PROSPECTUS SUPPLEMENT
(TO PROSPECTUS DATED NOVEMBER 9, 1995)
                           $398,796,644 (APPROXIMATE)
                                      LOGO
                         MANUFACTURED HOUSING CONTRACT
                 SENIOR/SUBORDINATE PASS-THROUGH CERTIFICATES,
                                 SERIES 1995-9
 
$47,000,000 (APPROXIMATE) 5.90% CLASS A-1        $88,000,000 (APPROXIMATE)
$63,000,000 (APPROXIMATE) 6.00% CLASS A-2        7.30% CLASS A-6
$40,000,000 (APPROXIMATE) 6.20% CLASS A-3        $35,900,000 (APPROXIMATE)
$34,000,000 (APPROXIMATE) 6.45% CLASS A-4        7.20% CLASS M-1
$59,000,000 (APPROXIMATE) 6.80% CLASS A-5        $15,948,322 (APPROXIMATE)
                                                 7.25% CLASS B-1
 
   (PRINCIPAL AND INTEREST PAYABLE ON THE 15TH DAY OF EACH MONTH BEGINNING IN
                                 DECEMBER 1995)
                                                 $15,948,322 (APPROXIMATE)

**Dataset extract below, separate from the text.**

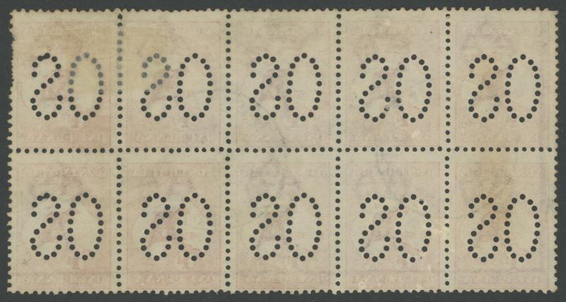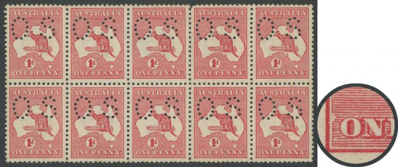 1d red Die II ACSC 3bb (SG O17d) Plate E block of 10 (5x2) the lower right-hand unit with White Flaw on Inner Frame opposite 'ONE'

                                                 7.55% CLASS B-2
 
                               -----------------
 
  The Manufactured Housing Contract Senior/Subordinate Pass-Through
Certificates, Series 1995-9 (the "Certificates") will represent interests in a
trust (the "Trust") consisting of a pool (the "Contract Pool") of manufactured
housing installment sale contracts and installment loan agreements
(collectively, the "Contracts") and certain related property conveyed by Green
Tree Financial Corporation (in such capacity referred to herein as the
"Company"). The Company will also act as servicer of the Contracts (in such
capacity referred to herein as the "Servicer"). The Contracts were originated
or purchased by the Company in the ordinary course of its business. The term
"Approximate," with respect to the aggregate principal amount of the
Certificates, means subject to a permitted variance of plus or minus 5%. Terms
used and not otherwise defined herein shall have the respective meanings
ascribed to such terms in the Prospectus dated November 9, 1995, attached
hereto (the "Prospectus").
 
  The Certificates will consist of six classes of Senior Certificates (the
Class A-1 Certificates, the Class A-2 Certificates, the Class A-3 Certificates,
the Class A-4 Certificates, the Class A-5 Certificates and the Class A-6
Certificates (collectively, the "Class A Certificates")), and four classes of
Subordinated Certificates (the Class M-1 Certificates, the Class B-1
Certificates, the Class B-2 Certificates and the Class C Certificates) (the
Class B-1 Certificates and the Class B-2 Certificates are collectively referred
to herein as the "Class B Certificates"). Only the Class A Certificates, Class
M-1 Certificates, Class B-1 Certificates and Class B-2 Certificates are being
offered hereby (together, the "Offered Certificates"). The Class A Certificates
will evidence in the aggregate an initial 83.0% (approximate) undivided
interest in the Trust. The Class M-1 Certificates will evidence an initial 9.0%
(approximate) undivided interest in the Trust, the Class B-1 Certificates will
evidence an initial 4.0% (approximate) undivided interest in the Trust, the
Class B-2 Certificates will evidence an initial 4.0% (approximate) undivided
interest in the Trust, and the Class C Certificates will evidence the residual
interest in the Trust. The Trust will be created in November 1995, pursuant to
a Pooling and Servicing Agreement between the Company, as Seller and Servicer
of the Contracts, and Firstar Trust Company, as trustee (the "Trustee"). The
Trust property will include all rights to receive payments due on each Contract
on or after November 1, 1995 (or the date of origination, if later) (the "Cut-
off Date"), security interests in the manufactured homes securing the
Contracts, all rights under certain hazard insurance policies with respect to
the manufactured homes and rights to amounts in the Certificate Account.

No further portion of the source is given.